**Exercise prompt:**
Lines from the one with "Women's Vintage Floral" up to and including the one with "Laisser Faire WORKアイテムコレクション" are to be copied exactly from the records below, without their pictures.

**Exercise materials:**
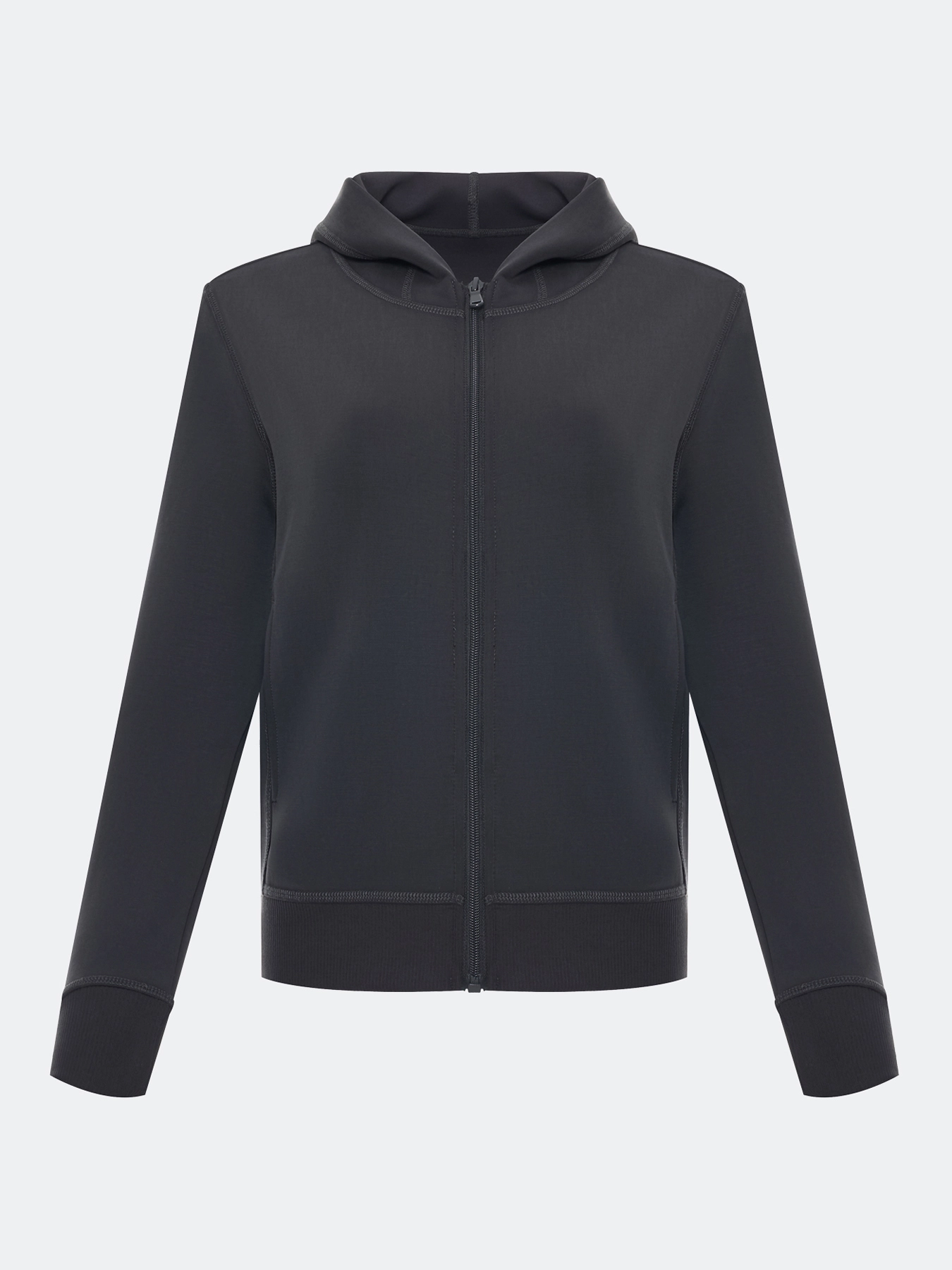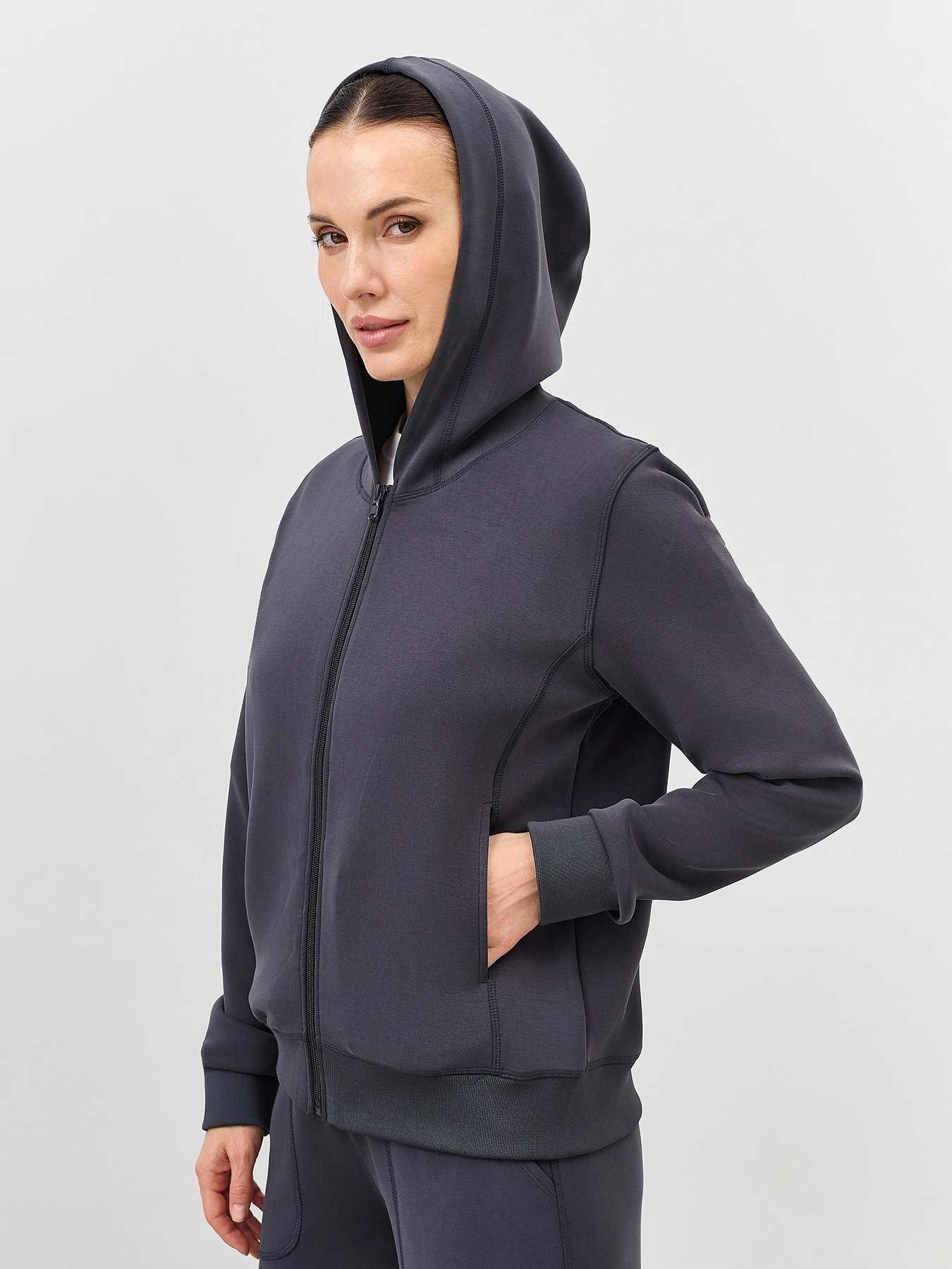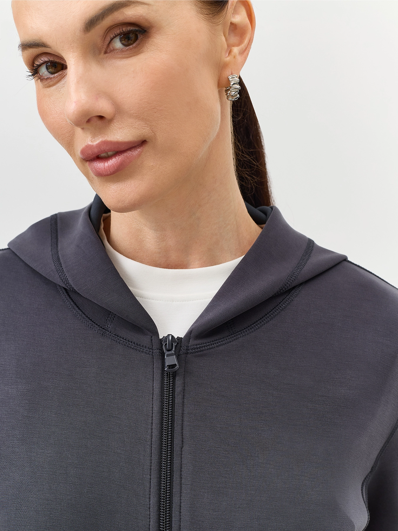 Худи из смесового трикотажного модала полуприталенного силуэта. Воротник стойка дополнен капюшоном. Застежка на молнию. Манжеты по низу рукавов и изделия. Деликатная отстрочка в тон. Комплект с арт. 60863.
* * *
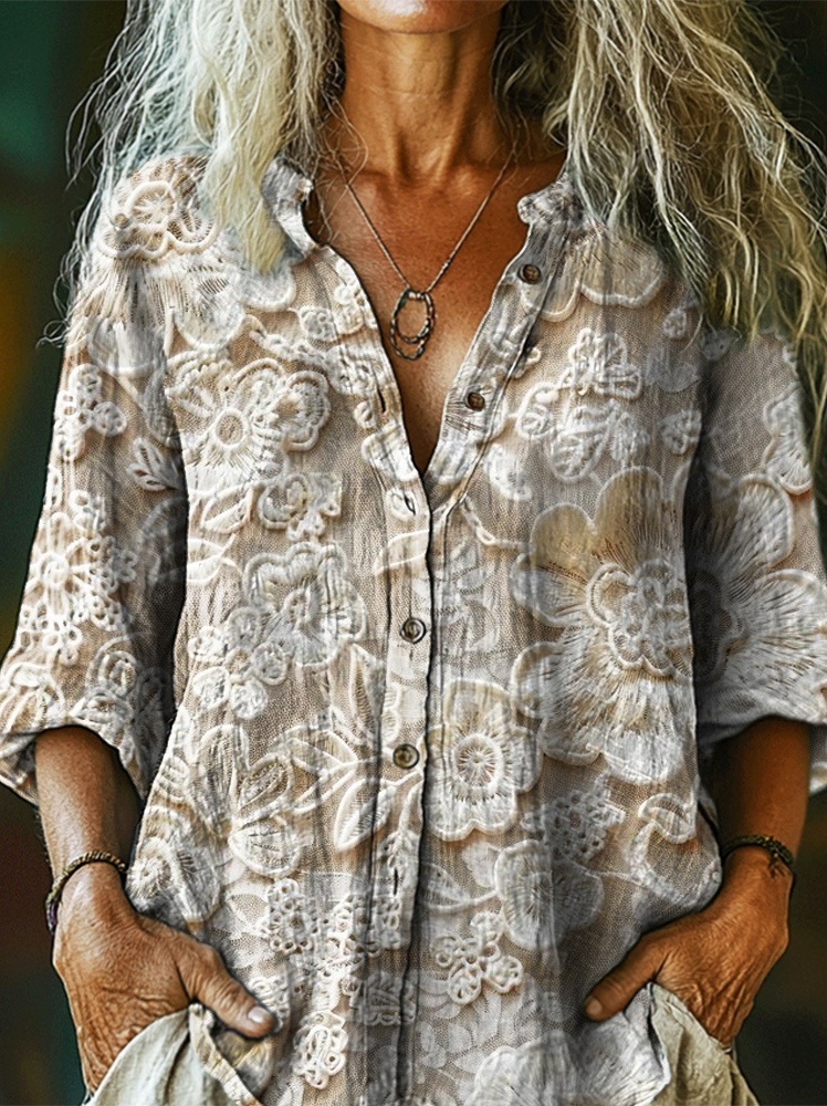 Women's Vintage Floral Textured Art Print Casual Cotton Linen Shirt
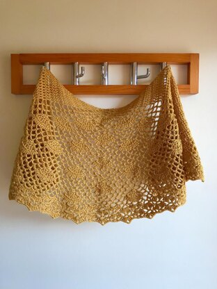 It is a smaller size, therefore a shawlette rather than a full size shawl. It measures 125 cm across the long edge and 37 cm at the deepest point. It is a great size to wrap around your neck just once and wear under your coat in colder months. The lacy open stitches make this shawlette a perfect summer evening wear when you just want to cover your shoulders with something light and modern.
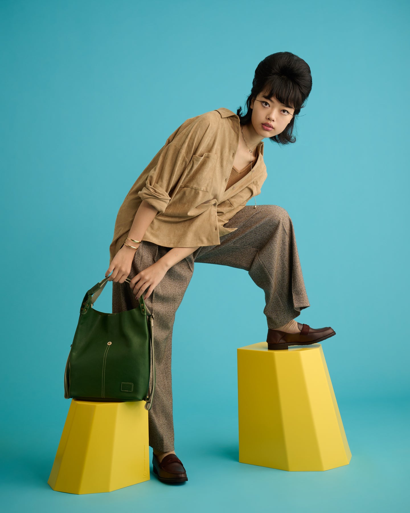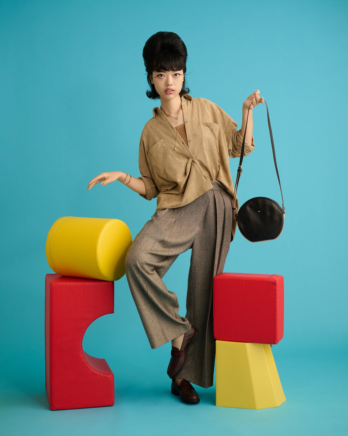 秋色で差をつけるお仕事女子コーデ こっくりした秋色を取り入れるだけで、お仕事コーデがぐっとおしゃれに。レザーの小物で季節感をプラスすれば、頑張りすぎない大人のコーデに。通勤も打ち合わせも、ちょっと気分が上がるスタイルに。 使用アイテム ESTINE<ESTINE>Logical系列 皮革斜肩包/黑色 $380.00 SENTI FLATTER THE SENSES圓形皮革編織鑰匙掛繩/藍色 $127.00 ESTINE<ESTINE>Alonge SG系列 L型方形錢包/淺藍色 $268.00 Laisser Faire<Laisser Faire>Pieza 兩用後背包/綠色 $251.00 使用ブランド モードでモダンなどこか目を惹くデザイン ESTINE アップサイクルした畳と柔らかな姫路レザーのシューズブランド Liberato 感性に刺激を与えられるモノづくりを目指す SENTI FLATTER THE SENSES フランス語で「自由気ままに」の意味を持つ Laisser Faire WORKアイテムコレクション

**Answer to this task:**
 Women's Vintage Floral Textured Art Print Casual Cotton Linen Shirt
 It is a smaller size, therefore a shawlette rather than a full size shawl. It measures 125 cm across the long edge and 37 cm at the deepest point. It is a great size to wrap around your neck just once and wear under your coat in colder months. The lacy open stitches make this shawlette a perfect summer evening wear when you just want to cover your shoulders with something light and modern.
 秋色で差をつけるお仕事女子コーデ こっくりした秋色を取り入れるだけで、お仕事コーデがぐっとおしゃれに。レザーの小物で季節感をプラスすれば、頑張りすぎない大人のコーデに。通勤も打ち合わせも、ちょっと気分が上がるスタイルに。 使用アイテム ESTINE<ESTINE>Logical系列 皮革斜肩包/黑色 $380.00 SENTI FLATTER THE SENSES圓形皮革編織鑰匙掛繩/藍色 $127.00 ESTINE<ESTINE>Alonge SG系列 L型方形錢包/淺藍色 $268.00 Laisser Faire<Laisser Faire>Pieza 兩用後背包/綠色 $251.00 使用ブランド モードでモダンなどこか目を惹くデザイン ESTINE アップサイクルした畳と柔らかな姫路レザーのシューズブランド Liberato 感性に刺激を与えられるモノづくりを目指す SENTI FLATTER THE SENSES フランス語で「自由気ままに」の意味を持つ Laisser Faire WORKアイテムコレクション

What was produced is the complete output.